News

In Memoriam: Andreas F. Lowenfeld

Andreas F. Lowenfeld, a giant in the field of international and comparative law who served on the NYU Law faculty for 47 years and took leading roles in two projects of The American Law Institute, died on June 9 at his home in Riverdale, New York. He was 84.

Professor Lowenfeld, known to friends and colleagues as Andy, was one of three Associate Reporters on the Restatement Third, The Foreign Relations Law of the United States, a two-volume work led by Chief Reporter Louis Henkin and published in 1987 that proved to be very influential both in the courts of the United States and around the world. 

“Andy’s death marks the end of an era because he was the last surviving Reporter from that tremendously important project,” said ALI Director Richard Revesz, who was also Lowenfeld’s colleague and dean at NYU Law for many years. “We are just now embarking on the Fourth Restatement of Foreign Relations Law, and it’s fair to say that the Reporters who are taking up the work on this project are very much standing on the shoulders of Andy and his colleagues, who did such a spectacular job in this area in the 1980s.”

Professor Lowenfeld was also a Reporter, along with his NYU Law colleague Linda J. Silberman, on ALI’s Recognition and Enforcement of Foreign Judgments, published in 2006. 

Elected to the ALI in June 1978, Professor Lowenfeld also served as an Adviser on Principles of Transnational Civil Procedure, and was on the Members Consultative Group for Restatement Third, The U.S. Law of International Commercial Arbitration. He was also part of the ALI delegation to the Hague Conference on Private International Law.

The author of more than 18 books and treatises and 115 law review articles, Professor Lowenfeld also litigated before the Supreme Court of the United States, the Iran–U.S.  Claims Tribunal, and the International Court of Justice. 

Professor Lowenfeld died less than two months after the death of Elena, his wife of 51 years. According to the August 1962 announcement of their wedding in The New York Times, Elena Machado was a teacher of classical guitar and a native of Cuba whose father was the Ambassador of Cuba to the United States from 1950 to 1952. The wedding announcement also noted that Professor Lowenfeld’s parents were both members of the New York Psychoanalytic Institute, and that his grandfather, Raphael Lowenfeld, was the biographer of Leo Tolstoy and the founder of the Schiller Theatre in Berlin.

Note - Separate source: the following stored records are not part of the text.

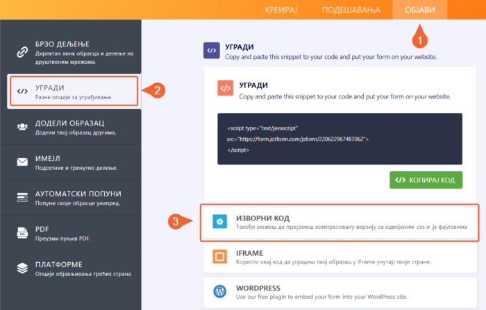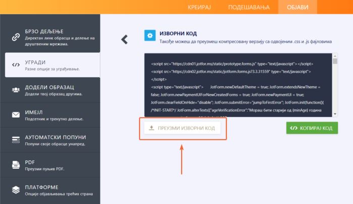 - Кликни на Копирај код дугме да копираш изворни код обрасца.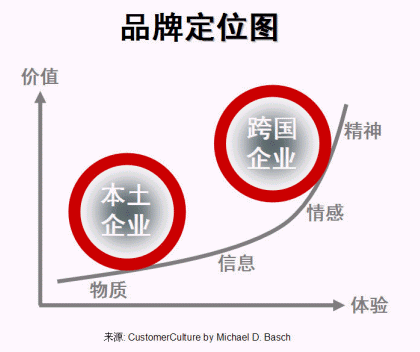 客戶體驗是客戶關(guān)系管理的重要組成部分。根據(jù)過去數(shù)年評選中國最佳CRM實施企業(yè)所作的分析,本土與外資企業(yè)在企業(yè)體檢中各項主要評分中有較大差距,其中之一是客戶體驗(-7.1分,見圖一、本土與跨國企業(yè)之差距)。本土企業(yè)若只提供低層次的客戶體驗,只為客戶帶來低價值,也只能打價格戰(zhàn)、做代工,很難做大做強(qiáng)打通全球市場。做好品牌,其實再深入一點說就是要做好客戶體驗,價值(價格)才會上去(見圖二、品牌定位)。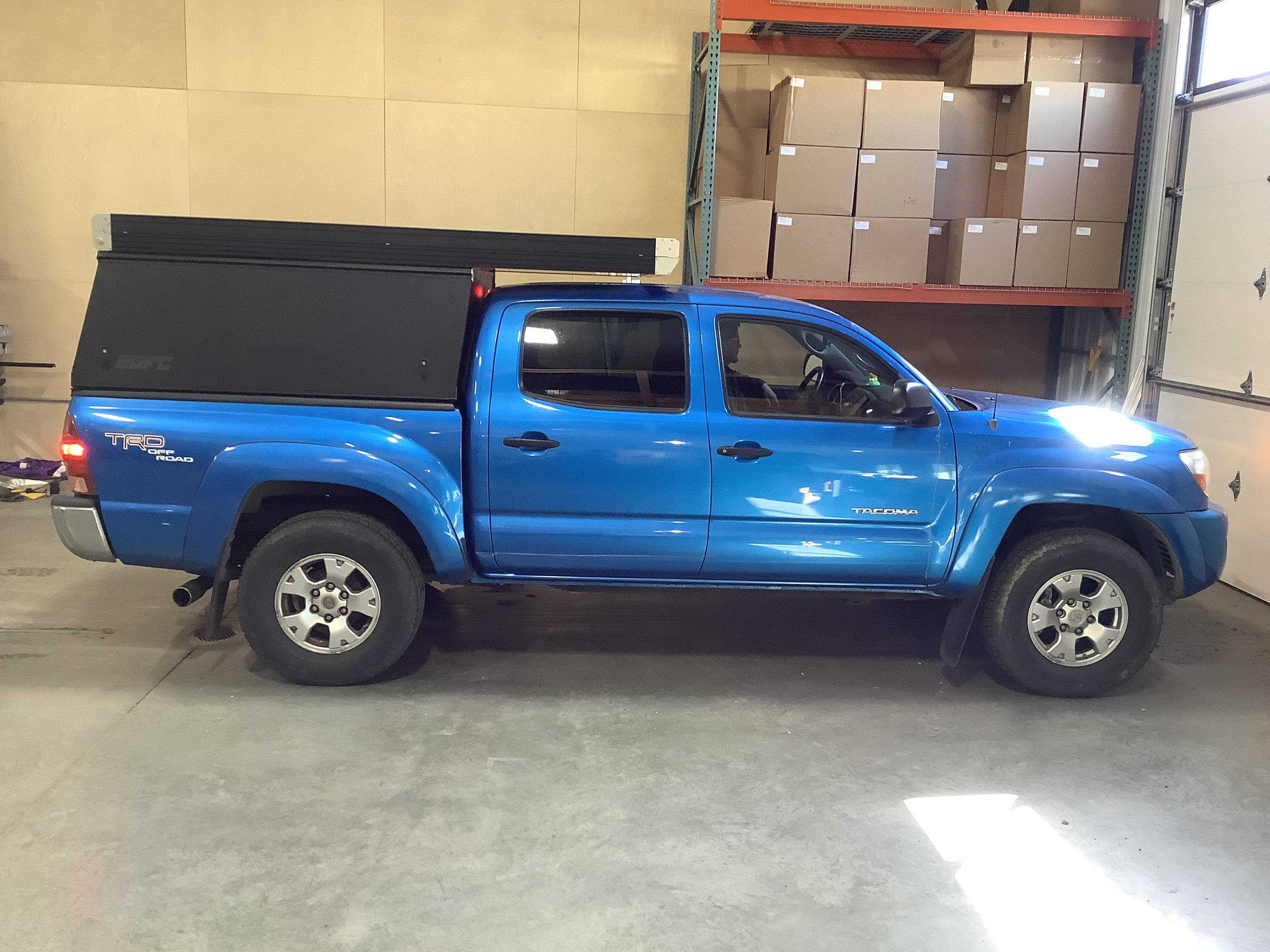 Product: Platform Camper Panel Color: Black GFC Options: Windows Year: 2007 Make: Toyota Model: Tacoma Cab/Bed: Double Cab 5 foot Truck Color Blue Wheels: Stock Suspension: Stock Tire: Michelin Defender 265/70/R16 Mods: All I need is a GFC Instagram Handle: None Install Date: 2022-05-13 Location: Nevada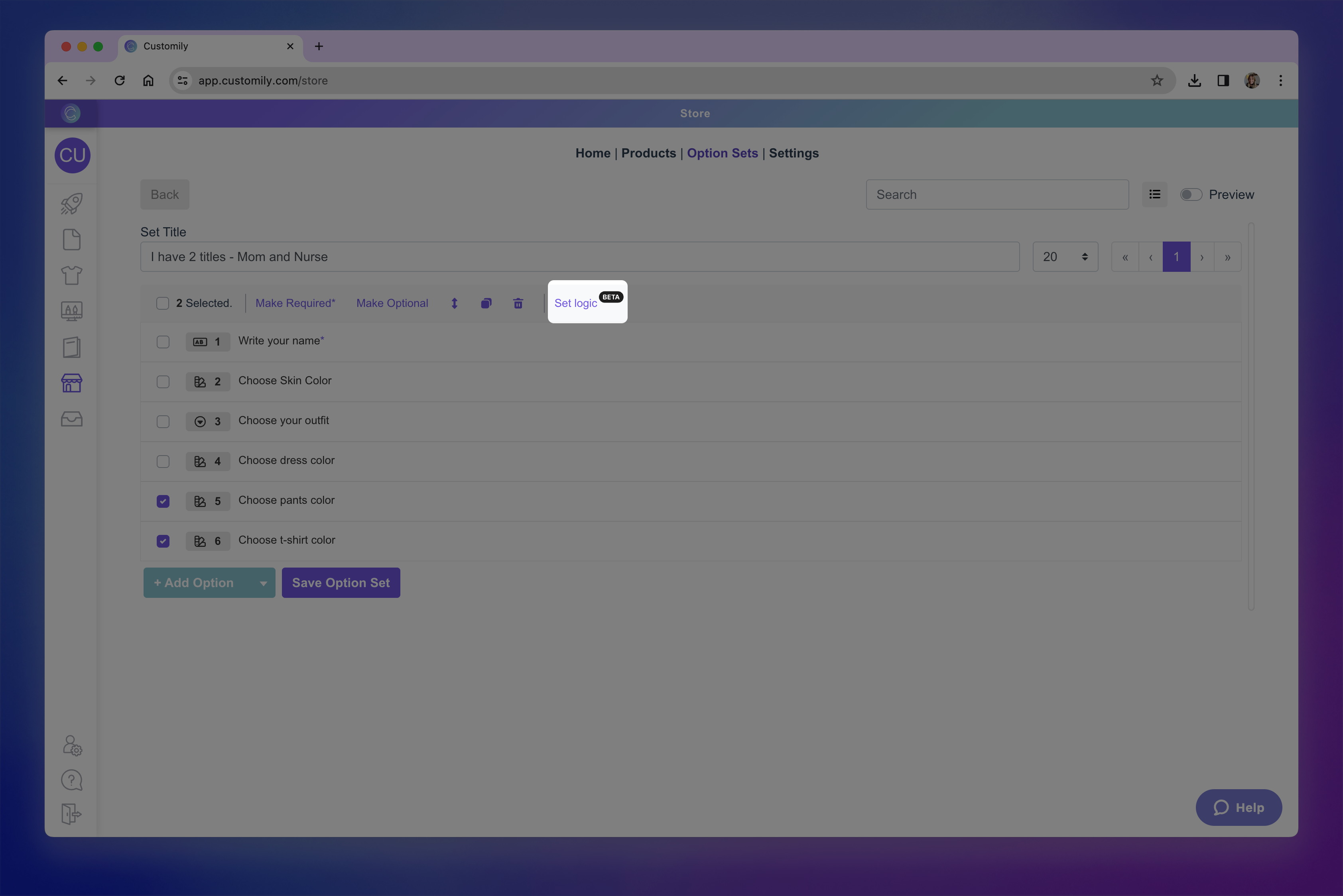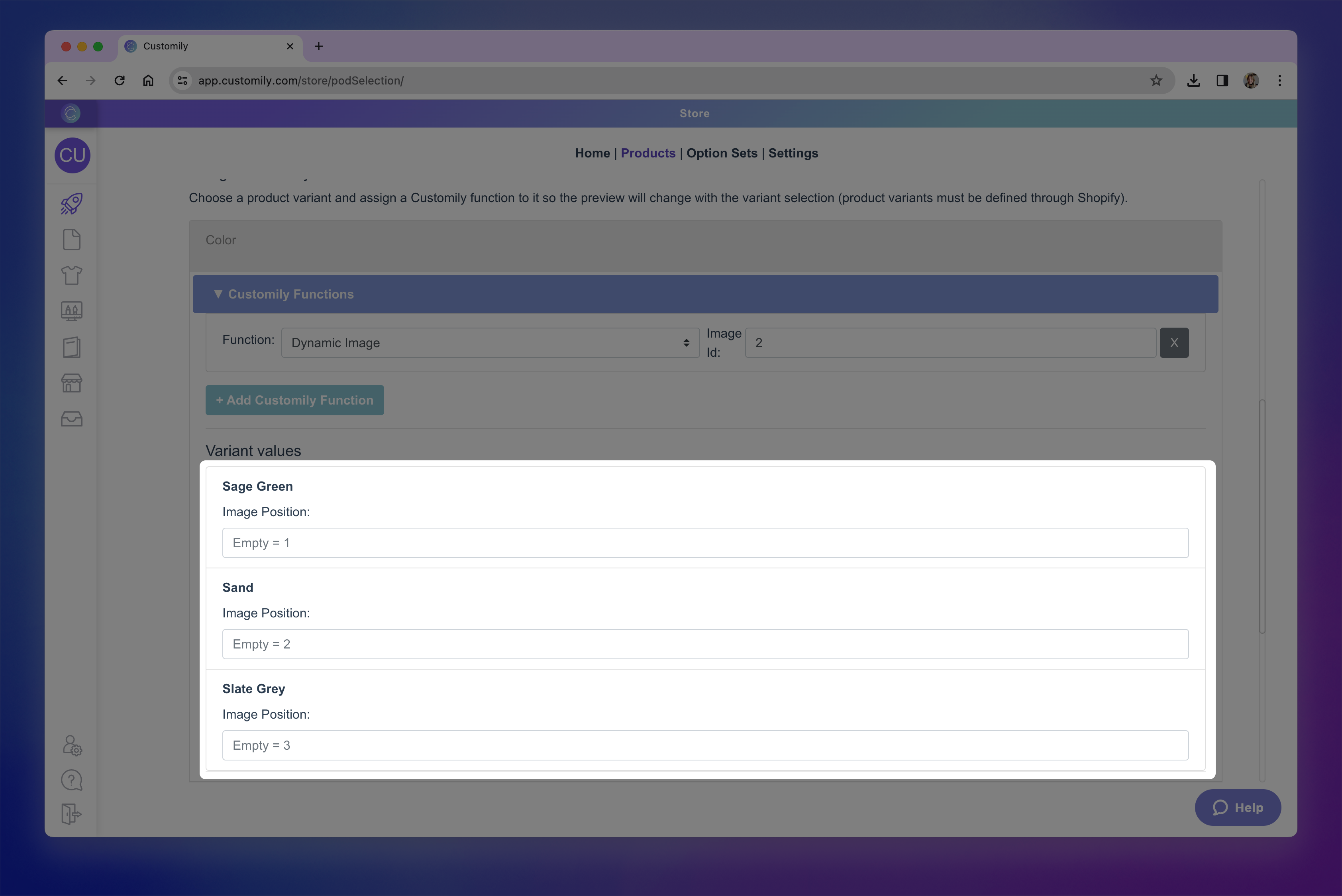 - Open the*[**Store**](https://help.customily.com/en/article/access-your- stores-products-on-customily)**Store****** tab in the left menu.

Andreas Frank Lowenfeld was born on May 30, 1930, in Berlin, Germany, to a family of German-Jewish doctors. He came to the United States as a refugee from Nazism at age 8. After graduating with distinction from Horace Mann School, he studied at Harvard College and earned a law degree at Harvard Law School in 1955. He served in the U.S. Army for two years and then went on to practice law with Hyde and de Vries in New York. 

His career took an important turn when he was hired to work in the Legal Adviser’s Office of the U.S. Department of State. In more than five years in that office, he held several posts and provided counsel to President John F. Kennedy during the Cuban Missile Crisis, and later to President Lyndon Johnson.

Professor Lowenfeld is survived by his son, Julian, and daughter, Marianna, and three grandchildren.